Assignment -
Reproduce the data in full, exactly as given, leaving images out.

Collected material -

■ ■ ■ ■

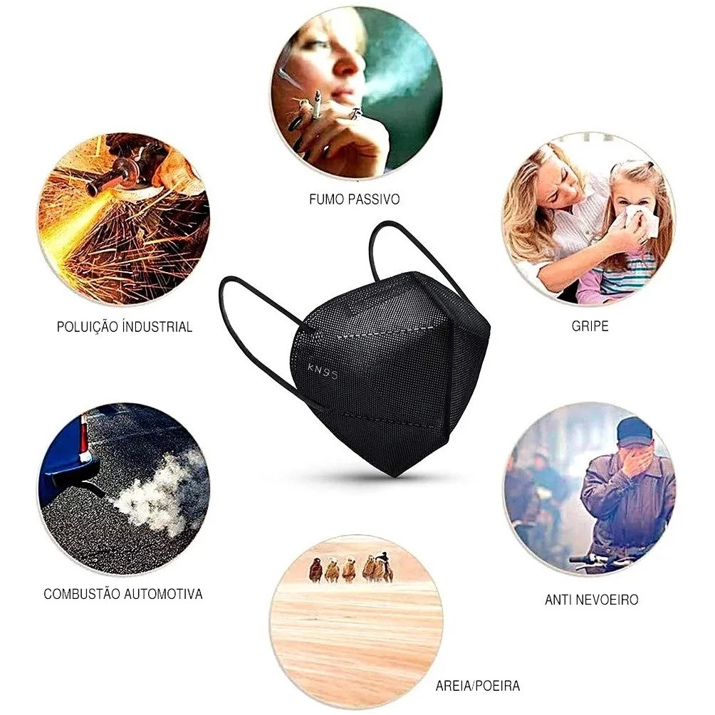 50 Máscara KN95 Preta PFF2 Proteção 5 Camadas Wwdoll
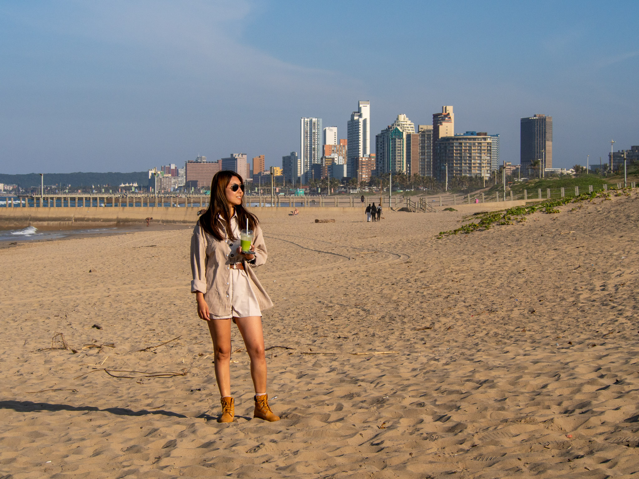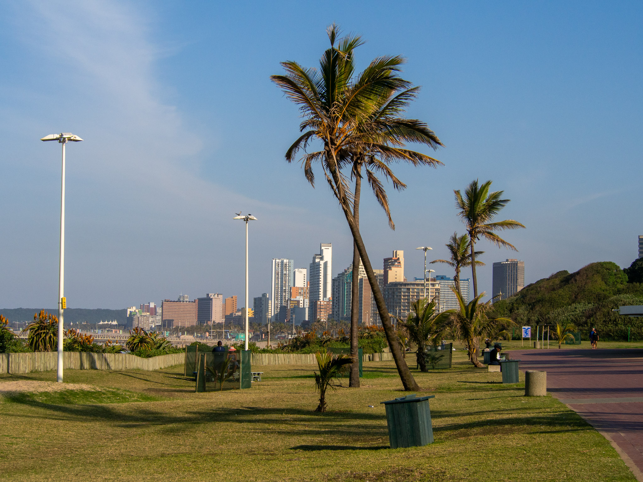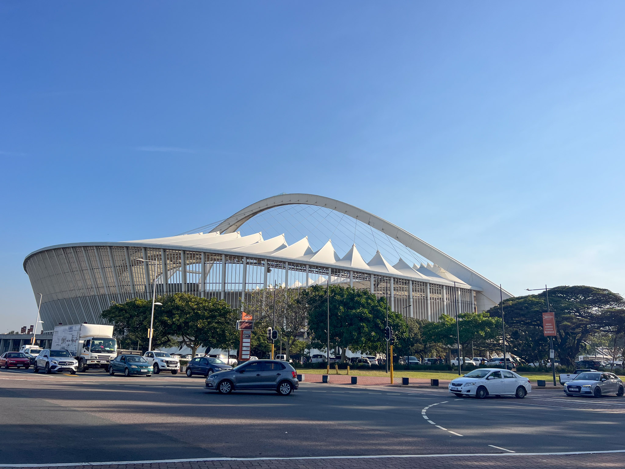 Il faut plus de 5h de route pour rejoindre notre destination du soir. Après un passage assez difficile avec beaucoup de camions à doubler jusqu’au port de Richard's Bay, nous entrons enfin sur une vraie autoroute beaucoup plus sereine, si ce n’est la longue attente aux péages car quasiment personne, nous y compris, ne semble encore avoir adopté le telebadge en Afrique du Sud. D’ailleurs il faut noter que les péages ne prennent pas non plus nos cartes de débit françaises et on ne peut pas payer non plus avec Applepay. Ce sera donc le seul moment dans le pays où le cash sera nécessaire. Il faut donc prévoir d’avoir des billets sur soi ou de passer à un ATM, nous en avons vu sur certaines aires de repos. On arrive sans encombre à Durban et on décide de faire une pause. Il y a des bouchons sur le périphérique de la ville, on bifurque par le front de mer, on passe devant le stade qui était rénové pour la coupe du monde.
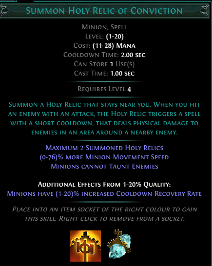 >>559167802since your own damage is such a negligible part of it and it lacks dom blow/absolution giving 300% self damage from increased minion damage, the best comparison is probably Holy Relic of Conviction. your own strikes and attacks will be doing like 1% of damage, the only reason you're swinging is to trigger the 3 minions to attack since their attacks only happen when you hit.
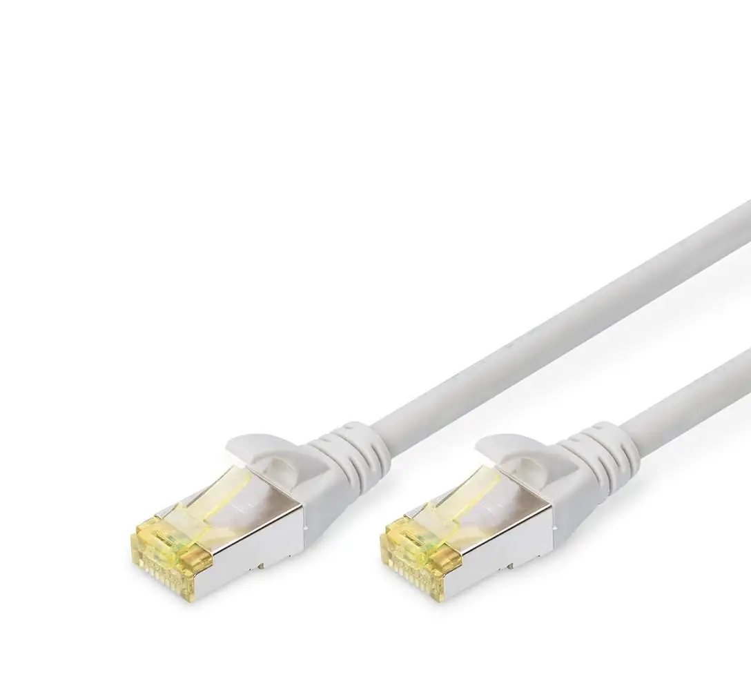 Digitus Cat 6A Network Cable (0.5m) – a short grey S/FTP shielded 10Gbps Ethernet cable featuring an LSZH jacket and snagless RJ45 connectors with strain relief.

■ ■ ■ ■

Answer to the exercise -
 50 Máscara KN95 Preta PFF2 Proteção 5 Camadas Wwdoll
 Il faut plus de 5h de route pour rejoindre notre destination du soir. Après un passage assez difficile avec beaucoup de camions à doubler jusqu’au port de Richard's Bay, nous entrons enfin sur une vraie autoroute beaucoup plus sereine, si ce n’est la longue attente aux péages car quasiment personne, nous y compris, ne semble encore avoir adopté le telebadge en Afrique du Sud. D’ailleurs il faut noter que les péages ne prennent pas non plus nos cartes de débit françaises et on ne peut pas payer non plus avec Applepay. Ce sera donc le seul moment dans le pays où le cash sera nécessaire. Il faut donc prévoir d’avoir des billets sur soi ou de passer à un ATM, nous en avons vu sur certaines aires de repos. On arrive sans encombre à Durban et on décide de faire une pause. Il y a des bouchons sur le périphérique de la ville, on bifurque par le front de mer, on passe devant le stade qui était rénové pour la coupe du monde.
 >>559167802since your own damage is such a negligible part of it and it lacks dom blow/absolution giving 300% self damage from increased minion damage, the best comparison is probably Holy Relic of Conviction. your own strikes and attacks will be doing like 1% of damage, the only reason you're swinging is to trigger the 3 minions to attack since their attacks only happen when you hit.
 Digitus Cat 6A Network Cable (0.5m) – a short grey S/FTP shielded 10Gbps Ethernet cable featuring an LSZH jacket and snagless RJ45 connectors with strain relief.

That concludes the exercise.